In 1833, he and William Thomas Fairburn, John Morgan and James Preece opened a mission station at Puriri on the Waihou River. and in 1834 Wilson and Rev. A. N. Brown established a mission station at Matamata. In 1835, Te Waharoa, the leader of the Ngāti Hauā iwi (Māori tribe) of the Matamata region, lead his warriors against neighbouring tribes to avenge the death of a relative, with the fighting, which continued into 1836, extended from Rotorua to Tauranga. On 5 January 1836 Wilson and William Wade went to Te Papa Mission, Tauranga. The same year Wilson and Thomas Chapman established a mission station in Rotorua. After a house at the Rotorua mission was ransacked, both the Rotorua mission and the Matamata mission were not considered safe and the wives of the missionaries were escorted to Puriri and Tauranga. Wilson and the other CMS missionaries attempted to bring peace to the belligerents. In late March 1836, a war party led by Te Waharoa arrived at Tauranga and the missionary families boarded the Columbine as a safety precaution on 31 March. They spend 1837 in the Bay of Islands, then returned to Tauranga in January 1838. In 1937 the missionaries at Te Papa Mission were the Rev. A. N. Brown, James Stack and Wilson.

Anne Wilson died on 23 November 1838, leaving her four young sons, including John Wilson, to be brought up by their father. Anne Wilson was the first European person buried in the mission cemetery at Otamataha Pā. In 1840 Wilson established a mission station at Ōpōtiki.

In 1852 Wilson was appointed by the Central Committee of the CMS to the charge of the Auckland missionary district which extended from Whangārei to Taupō. He attended St John's College, Auckland. Wilson was ordained a deacon in 1852.

In 1860–61, Wilson was a missionary-chaplain to Māori war-parties at the Otawhao Mission of John Morgan and at Waitara, Taranaki. He acted as chaplain with permission of the commanders of the colonial government forces but he did not have the permission of Bishop Selwyn.
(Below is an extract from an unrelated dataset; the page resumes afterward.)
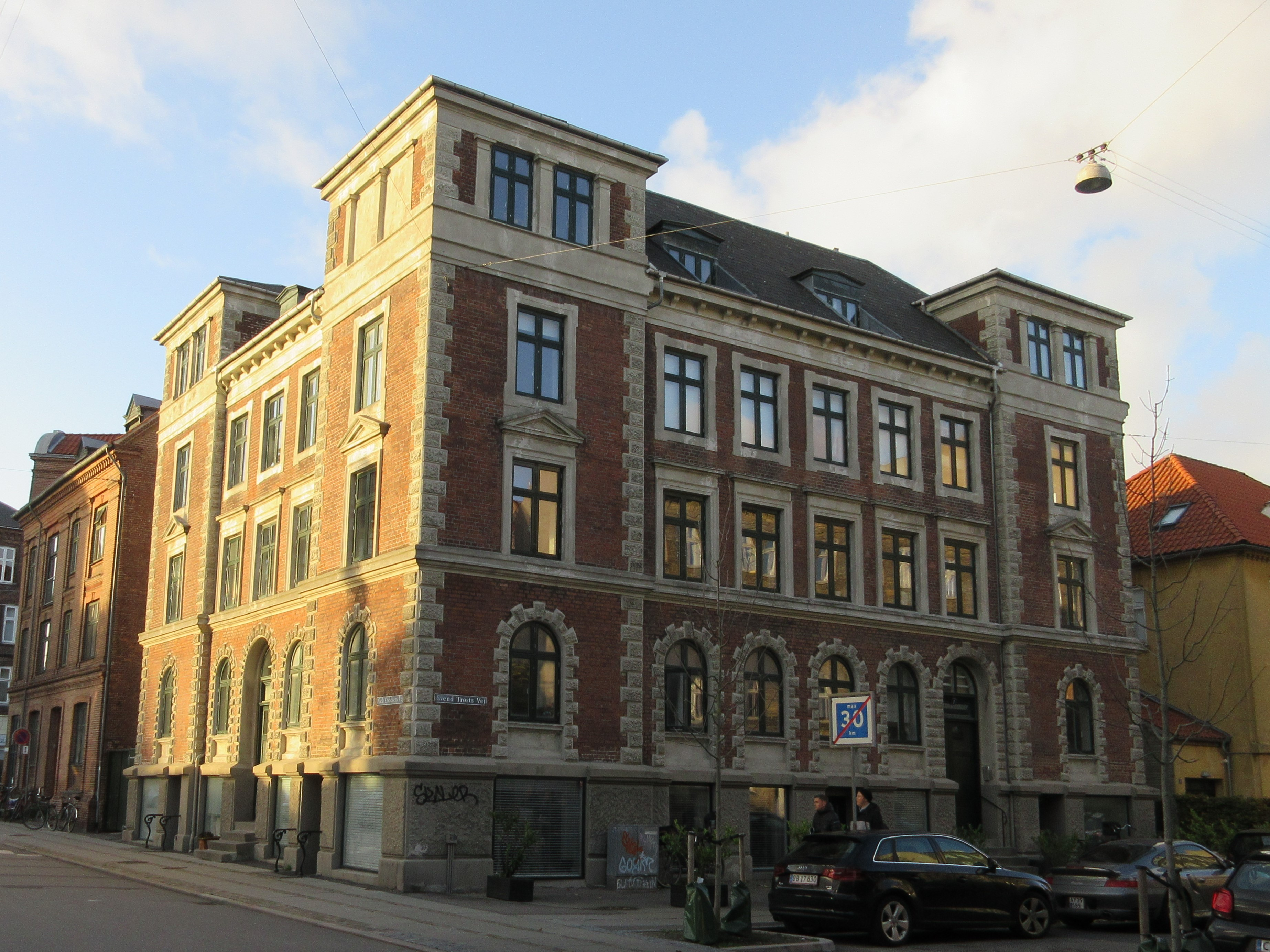 Niels Ebbesens Vej 16 and Svend Trøsts Vej 1 in Frederiksberg, Denmark

He was present at the Battle of Puketakauere on 23 June 1860; the action at Huirangi in December 1860 against the major Māori defensive line called Te Arei that barred the way to the historic hill pā of Pukerangiora; and the battle on 23 January 1861, when the Māori warriors attacked a redoubt, which was garrisoned by the 40th Regiment.

In February 1862 Wilson travelled to Europe. He married Charlotte Jane Emma Dent in Copenhagen, by special license of the King of Denmark, as the Anglican Church had refused to marry them because of their familial relationship. Charlotte was his first wife's niece and also his daughter-in-law's sister (his son John Wilson had married Charlotte's sister Anne Lydia Dent in 1855). The couple had two sons and three daughters.

==Retirement==
Wilson left New Zealand in 1866, and his connection with the CSM ended on 21 January 1868.

He died on 5 June 1887 on Jersey, Channel Islands.